Only the pictures are to be dropped; the rest of the data below is to be duplicated exactly.

Data listing below:

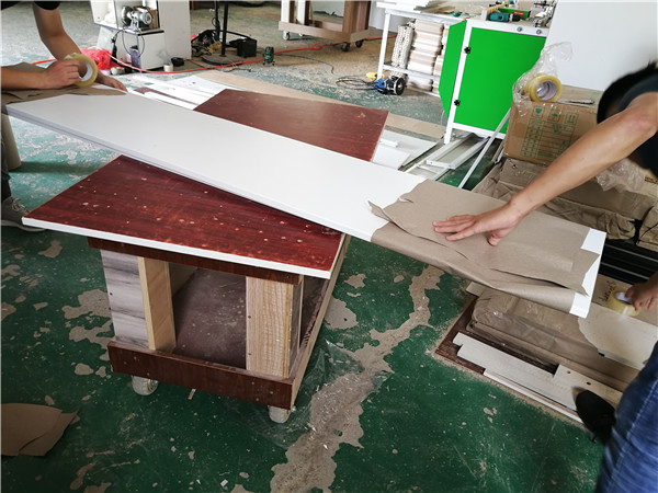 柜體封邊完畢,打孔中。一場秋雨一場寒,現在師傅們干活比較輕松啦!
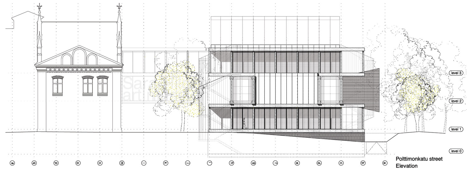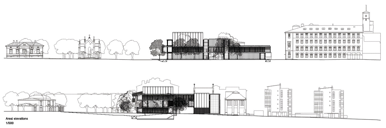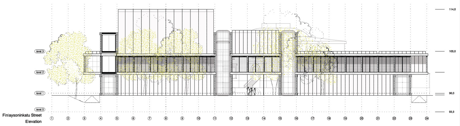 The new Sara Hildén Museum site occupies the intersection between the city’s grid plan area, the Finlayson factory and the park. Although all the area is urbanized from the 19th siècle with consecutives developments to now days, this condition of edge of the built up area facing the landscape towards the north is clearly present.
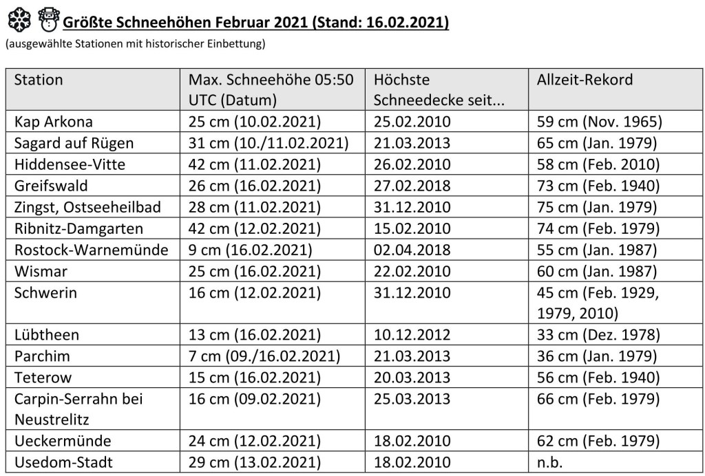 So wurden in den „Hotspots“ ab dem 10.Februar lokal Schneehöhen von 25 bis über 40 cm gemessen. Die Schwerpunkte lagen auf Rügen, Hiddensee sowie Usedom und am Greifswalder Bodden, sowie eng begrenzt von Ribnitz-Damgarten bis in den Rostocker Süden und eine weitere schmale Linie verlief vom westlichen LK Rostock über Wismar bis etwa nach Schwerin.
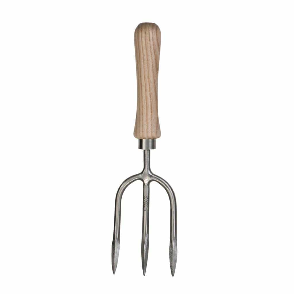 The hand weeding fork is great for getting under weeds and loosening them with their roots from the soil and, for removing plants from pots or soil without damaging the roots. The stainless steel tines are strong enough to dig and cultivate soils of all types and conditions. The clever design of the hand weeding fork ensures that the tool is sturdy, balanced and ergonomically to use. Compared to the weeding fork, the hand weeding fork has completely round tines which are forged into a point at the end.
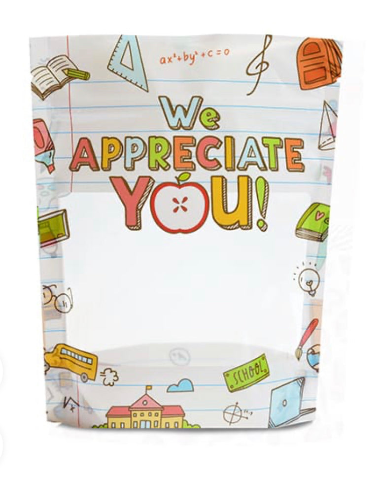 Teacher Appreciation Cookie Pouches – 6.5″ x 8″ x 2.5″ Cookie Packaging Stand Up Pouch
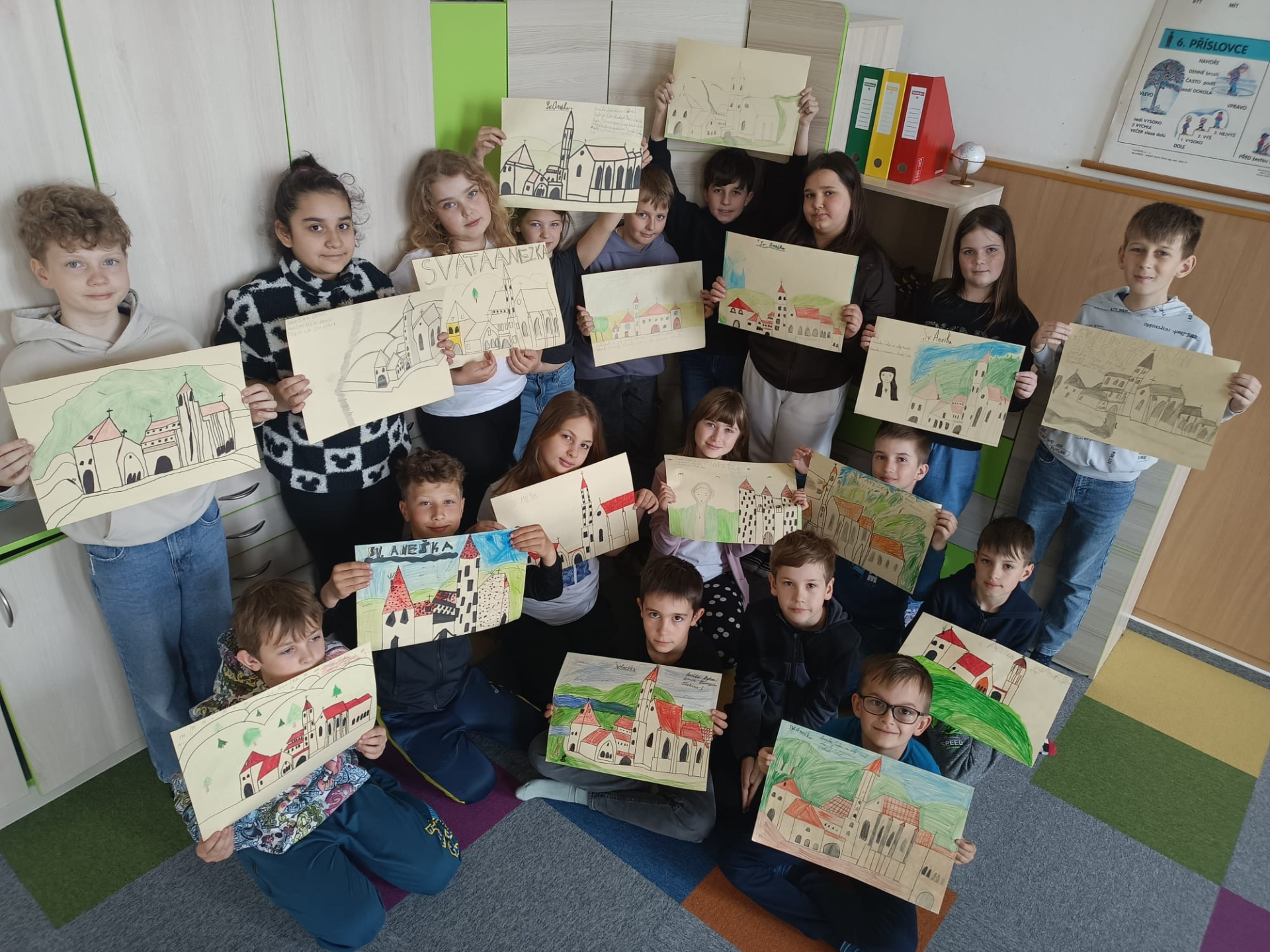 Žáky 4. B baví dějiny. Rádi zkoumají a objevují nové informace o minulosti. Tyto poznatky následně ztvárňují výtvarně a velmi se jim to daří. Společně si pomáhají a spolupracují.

End of Data listing.

• **Response box**
 柜體封邊完畢,打孔中。一場秋雨一場寒,現在師傅們干活比較輕松啦!
 The new Sara Hildén Museum site occupies the intersection between the city’s grid plan area, the Finlayson factory and the park. Although all the area is urbanized from the 19th siècle with consecutives developments to now days, this condition of edge of the built up area facing the landscape towards the north is clearly present.
 So wurden in den „Hotspots“ ab dem 10.Februar lokal Schneehöhen von 25 bis über 40 cm gemessen. Die Schwerpunkte lagen auf Rügen, Hiddensee sowie Usedom und am Greifswalder Bodden, sowie eng begrenzt von Ribnitz-Damgarten bis in den Rostocker Süden und eine weitere schmale Linie verlief vom westlichen LK Rostock über Wismar bis etwa nach Schwerin.
 The hand weeding fork is great for getting under weeds and loosening them with their roots from the soil and, for removing plants from pots or soil without damaging the roots. The stainless steel tines are strong enough to dig and cultivate soils of all types and conditions. The clever design of the hand weeding fork ensures that the tool is sturdy, balanced and ergonomically to use. Compared to the weeding fork, the hand weeding fork has completely round tines which are forged into a point at the end.
 Teacher Appreciation Cookie Pouches – 6.5″ x 8″ x 2.5″ Cookie Packaging Stand Up Pouch
 Žáky 4. B baví dějiny. Rádi zkoumají a objevují nové informace o minulosti. Tyto poznatky následně ztvárňují výtvarně a velmi se jim to daří. Společně si pomáhají a spolupracují.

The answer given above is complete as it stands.